Click to enlargeThe Moment’s 3.2-MP camera has autofocus and a flash, but we were generally disappointed with its quality. Inside our home under good lighting, colors were washed out. In darker areas where we used the flash (like in our living room at dusk), shots came out reasonably well, but the colors remained washed out. The same was true inside a dark pub. Video of a friend shooting pool was clear and fluid, but there was a noticeable light ring hovering over the table. Overall, the camera is good enough for uploading pictures and video to YouTube, but we prefer the 5-MP cameras on the HTC Hero and the Motorola Cliq.
Sprint Navigation comes preinstalled on the Moment, and comes free with a Simply Everything data plan ($9.99 per month without). During our GPS tests, Sprint Navigation found our address on the Upper East Side of New York City in 2 seconds, and then locked on to a GPS signal and started navigating there from our office after 32 seconds.

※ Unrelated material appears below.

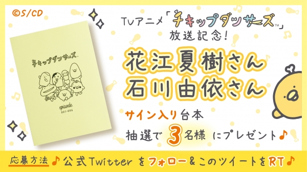 10月5日からNHK Eテレにて放送スタートした、『チキップダンサーズ』の公式Twitterアカウントをフォロー、対象のツイートをリツイートいただいた方に、「声優の花江夏樹さん・石川由依さんのサイン入り台本」が抽選で3名様に当たるキャンペーンを実施しております。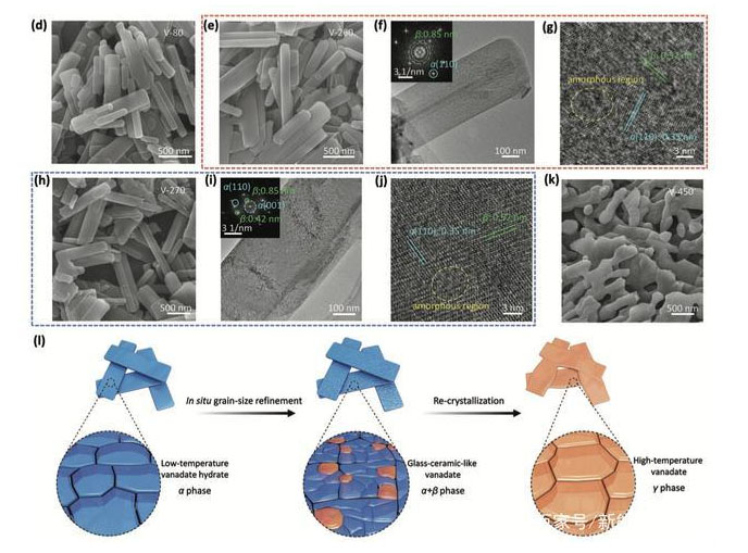 根據(jù)釩酸鹽材料前驅(qū)體材料在熱處理過(guò)程中的這一特性,可以通過(guò)控制加熱溫度的方式對(duì)材料的結(jié)構(gòu)進(jìn)行調(diào)控,作者分別采用三種溫度對(duì)其進(jìn)行了處理:1)V-80是在80℃下進(jìn)行2h地處理;2)V-270時(shí)在270℃下處理2h;3)V-450是在450℃下進(jìn)行2h處理。

Call Quality and Battery Life
A voicemail left on a landline phone sounded loud and clear, and we didn’t notice any background noise. When we called another friend on a landline, she said that we sounded good but just a bit tinny. She also noted that she could just barely hear people in the background of a very echo-prone office lobby. We had one dropped call during our tests.
With the Moment, we regularly saw about a day of battery life—push Gmail, chatting, Web browsing and occasional phone calls—before the battery died. We kept our display at a medium brightness, but attribute its relatively good endurance to the AMOLED’s ability to turn off the pixels that aren’t in use.
The Samsung Moment performs well, and boasts one of the brightest touchscreens on any phone. However, it’s the least exciting Android device to use. It runs outdated software, and the similarly priced HTC Hero on Sprint offers the highly customizable Sense user experience and a better 5-MP camera. The only reason we’d recommend the Moment over the Hero is if you absolutely need a physical keyboard. We also prefer the Palm Pre to the Moment for Sprint customers, as the former offers a more elegant interface and more compact design (although not nearly as many apps). In other words, we think the Moment may have already passed.